Exercise details:
All of the data below should be printed again word for word, pictures excluded.

Dataset entries:
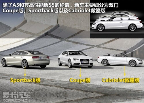 車(chē)型方面,2012款車(chē)型除了A5和其高性能版S5的稱謂,新車(chē)主要細(xì)分為雙門(mén)Coupe版、Sportback版以及Cabriolet敞篷版。據(jù)悉,此次國(guó)內(nèi)曝光的測(cè)試車(chē)輛是雙門(mén)Coupe版。
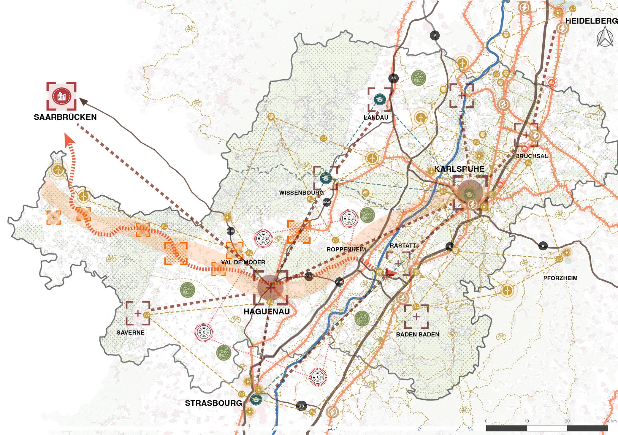 The strategy is to revive the connection of Rastatt, Haguenau and Saarbrucken line and connect it with the Atlantic corridor. This would connect it to the Rhine Danube corridor in turn as well. The North Vosges Regional
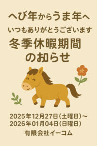 平素は格別のご高配を賜り、厚く御礼を申し上げます。 さて、弊社では、誠に勝手ながら本年度の冬季休暇を下記の日程とさせていただきます。 2025年12月27日(土曜日) ~ 2026年01月04日(日曜日) ※2025年1 […]
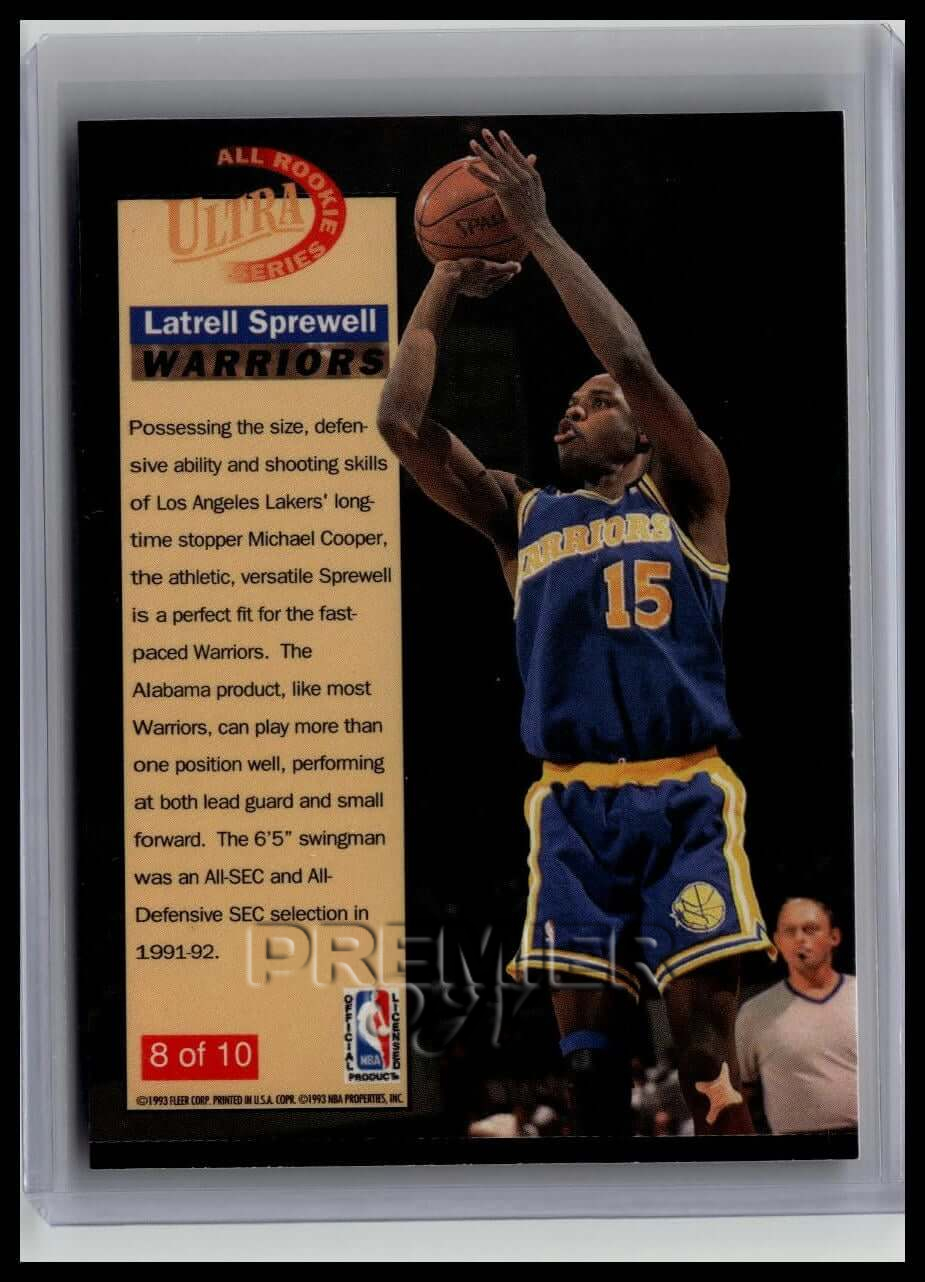 This trading card features Latrell Sprewell #8 . It comes from the 1992-93 Ultra sports set. The card is an original. It is a great addition to any collection. All items are sold As-Is.
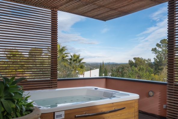 Another terrace area features a jacuzzi with breathtaking views of Pic Saint-Loup.
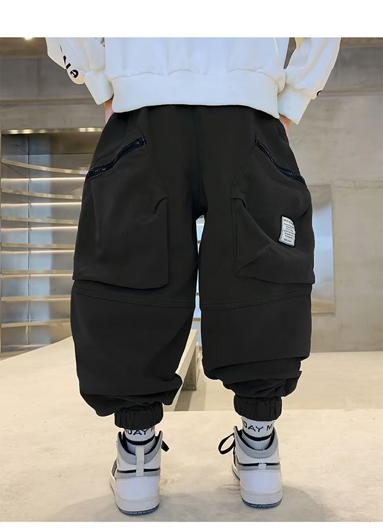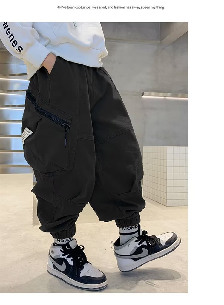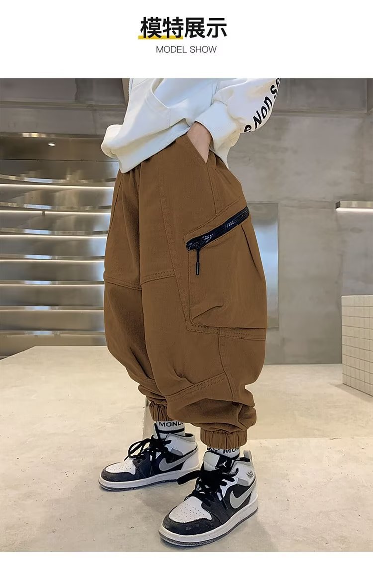 소년 바지 2024 가을 잘 생긴 바지 어린이 서양 포켓 캐주얼 바지 큰 어린이 느슨한 바지스토어 가기
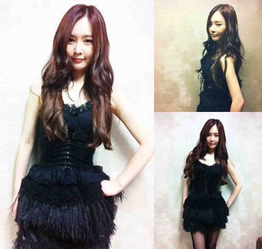 사진은 검정색 의상을 입고 카메라를 응시하는 메이비의 모습을 담고 있다. 동안 미모와 함께 유난히 가는 허리와 팔 등이 눈길을 끈다.
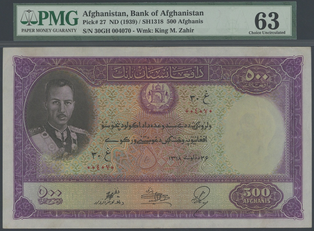 (x) Bank of Afghanistan, 500 afghanis, 1318 (1939), red serial number 30GH 004070, black and violet on multicolour underprint, King Muhammad Zahir at left, arms at top centre, value at corners, reverse black on multicolour underprint, Blue Mosque at centre, value at right and in corners
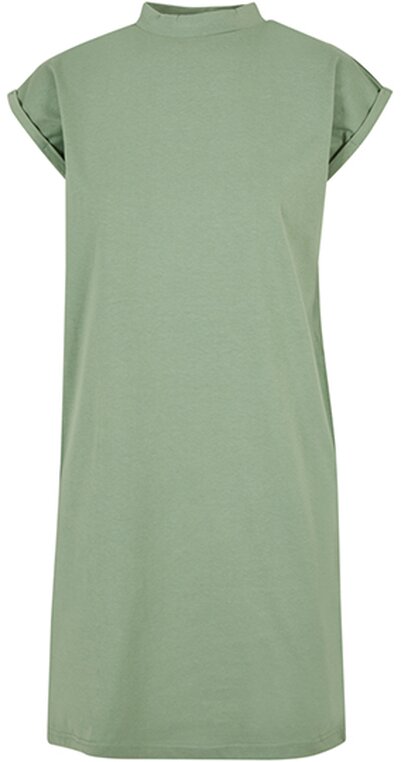 Stylový kousek mezi šaty a tričkem, který má rozšířená ramena, krátké ohrnovací rukávy a decentní mini stojáček, který dodává šmrnc. Ušité z příjemné bavlněné tkaniny (200 g/m²), která se dobře nosí i snadno udržuje.
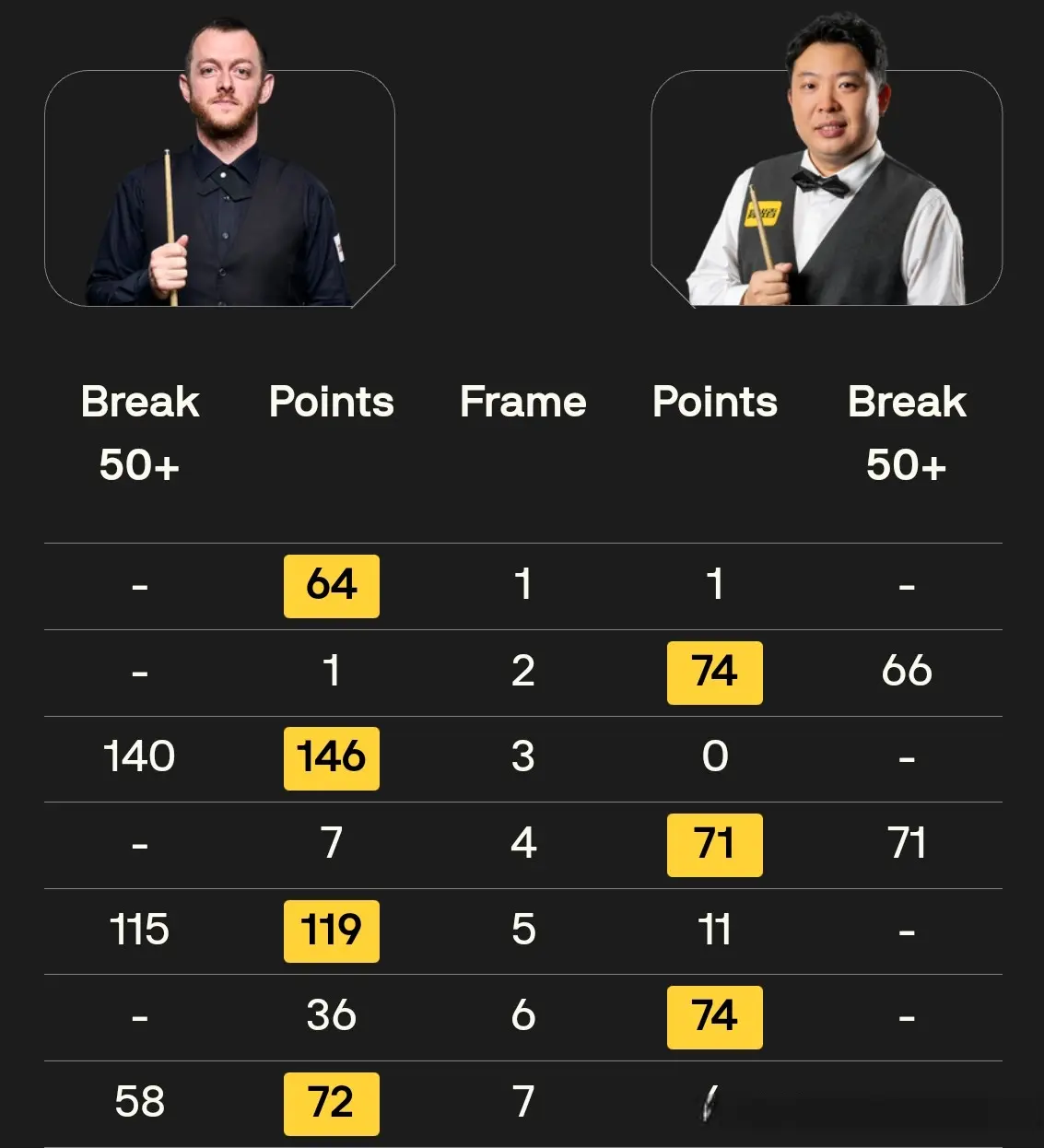 第三局,周跃龙单杆打出67分以74:42扳回一局1-2落后宾汉姆。第四局,周跃龙单杆打出100分的绝佳表现再胜一局并2-2战平宾汉姆。

Task response:
 車(chē)型方面,2012款車(chē)型除了A5和其高性能版S5的稱謂,新車(chē)主要細(xì)分為雙門(mén)Coupe版、Sportback版以及Cabriolet敞篷版。據(jù)悉,此次國(guó)內(nèi)曝光的測(cè)試車(chē)輛是雙門(mén)Coupe版。
 The strategy is to revive the connection of Rastatt, Haguenau and Saarbrucken line and connect it with the Atlantic corridor. This would connect it to the Rhine Danube corridor in turn as well. The North Vosges Regional
 平素は格別のご高配を賜り、厚く御礼を申し上げます。 さて、弊社では、誠に勝手ながら本年度の冬季休暇を下記の日程とさせていただきます。 2025年12月27日(土曜日) ~ 2026年01月04日(日曜日) ※2025年1 […]
 This trading card features Latrell Sprewell #8 . It comes from the 1992-93 Ultra sports set. The card is an original. It is a great addition to any collection. All items are sold As-Is.
 Another terrace area features a jacuzzi with breathtaking views of Pic Saint-Loup.
 소년 바지 2024 가을 잘 생긴 바지 어린이 서양 포켓 캐주얼 바지 큰 어린이 느슨한 바지스토어 가기
 사진은 검정색 의상을 입고 카메라를 응시하는 메이비의 모습을 담고 있다. 동안 미모와 함께 유난히 가는 허리와 팔 등이 눈길을 끈다.
 (x) Bank of Afghanistan, 500 afghanis, 1318 (1939), red serial number 30GH 004070, black and violet on multicolour underprint, King Muhammad Zahir at left, arms at top centre, value at corners, reverse black on multicolour underprint, Blue Mosque at centre, value at right and in corners
 Stylový kousek mezi šaty a tričkem, který má rozšířená ramena, krátké ohrnovací rukávy a decentní mini stojáček, který dodává šmrnc. Ušité z příjemné bavlněné tkaniny (200 g/m²), která se dobře nosí i snadno udržuje.
 第三局,周跃龙单杆打出67分以74:42扳回一局1-2落后宾汉姆。第四局,周跃龙单杆打出100分的绝佳表现再胜一局并2-2战平宾汉姆。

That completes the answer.